Core belief

Philosophy is well-named and is therefore a sort of friendship. Any way of seeing the whole of things that makes friendship with it impossible, whether we see it as ugly or unintelligible or reducible to the dead, or whether we see our own goodness as persons as irrelevant to how we stand to the whole, is not philosophy.

3 Comments

  1. Josh said,

    September 23, 2016 at 1:45 pm

    You might say it’s bad philosophy but not not philosophy.

    This reminded me of an interesting and challenging book (Pieper – “In Defense of Philosophy”):
    “…to engage in philosophy means to reflect on the totality of things we encounter, in view of their ultimate reasons; and philosophy, thus understood, is a meaningful, even necessary endeavor, with which man, the spiritual being, cannot dispense.”

    • September 23, 2016 at 2:55 pm

      You might say it’s bad philosophy but not not philosophy.

      That’s exactly what I can’t say. Bad friendship is not a kind of friendship. I think what you’d call bad philosophy I want called putative philosophy.

      • Josh said,

        September 23, 2016 at 3:17 pm

        Maybe you could explain more (or point me to something) when you say philosophy is a sort of friendship?

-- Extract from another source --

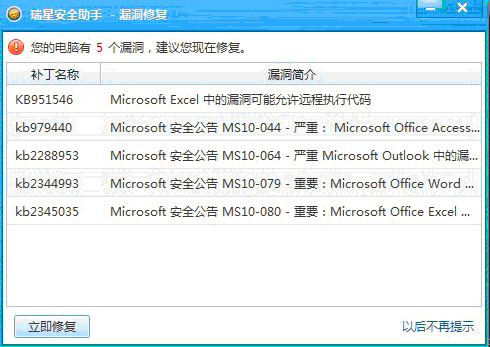 查了一下,瑞星提示的第一个补丁,KB951546,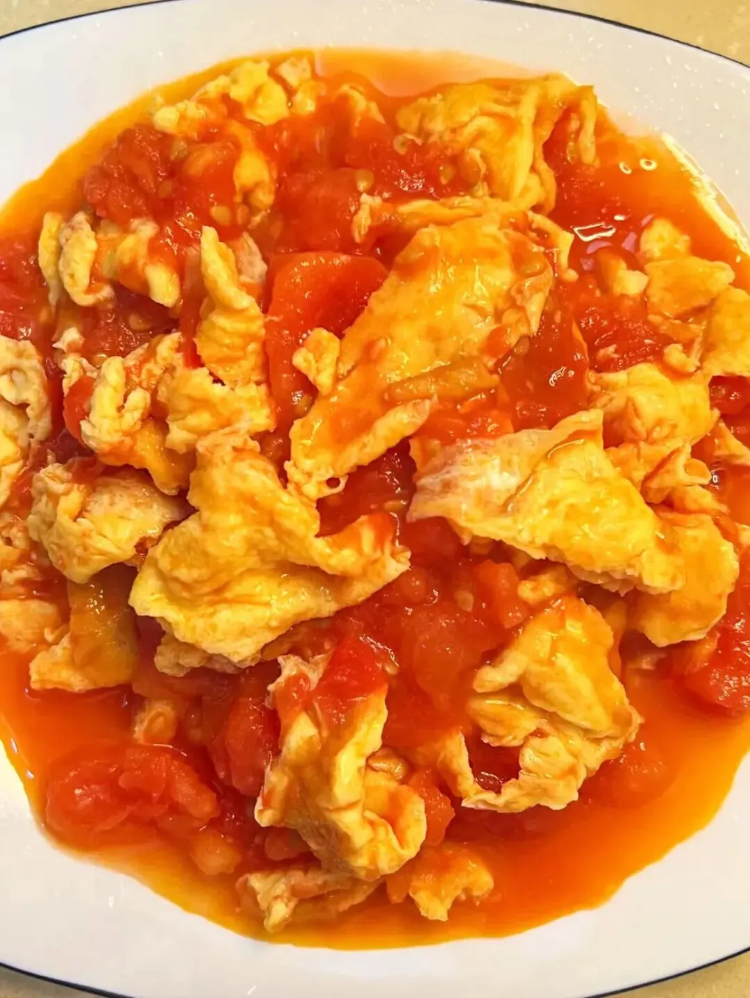 番茄在热油里“滋啦”绽开,酸甜的汁水裹着金黄的蛋液,铲子一翻,满屋都是家常的香。

        And I would also say, why isn’t bad friendship a kind of friendship? True friendship is one kind, but as Aristotle said, there are two lesser kinds of friendship, of utility and of pleasure. There is something lacking in the lesser kinds. Or, as Aquinas said, no being is pure evil, since evil is a privation of good and all things are good (even Satan is good in his being). A philosophy that is lacking is just bad philosophy. A spoiled fruit is still a fruit. A blind eye is still an eye. A bad argument is still a argument. A “way of seeing the whole of things” that is lacking much truth and goodness is just bad way of “reflect[ing] on the totality of things we encounter, in view of their ultimate reasons.”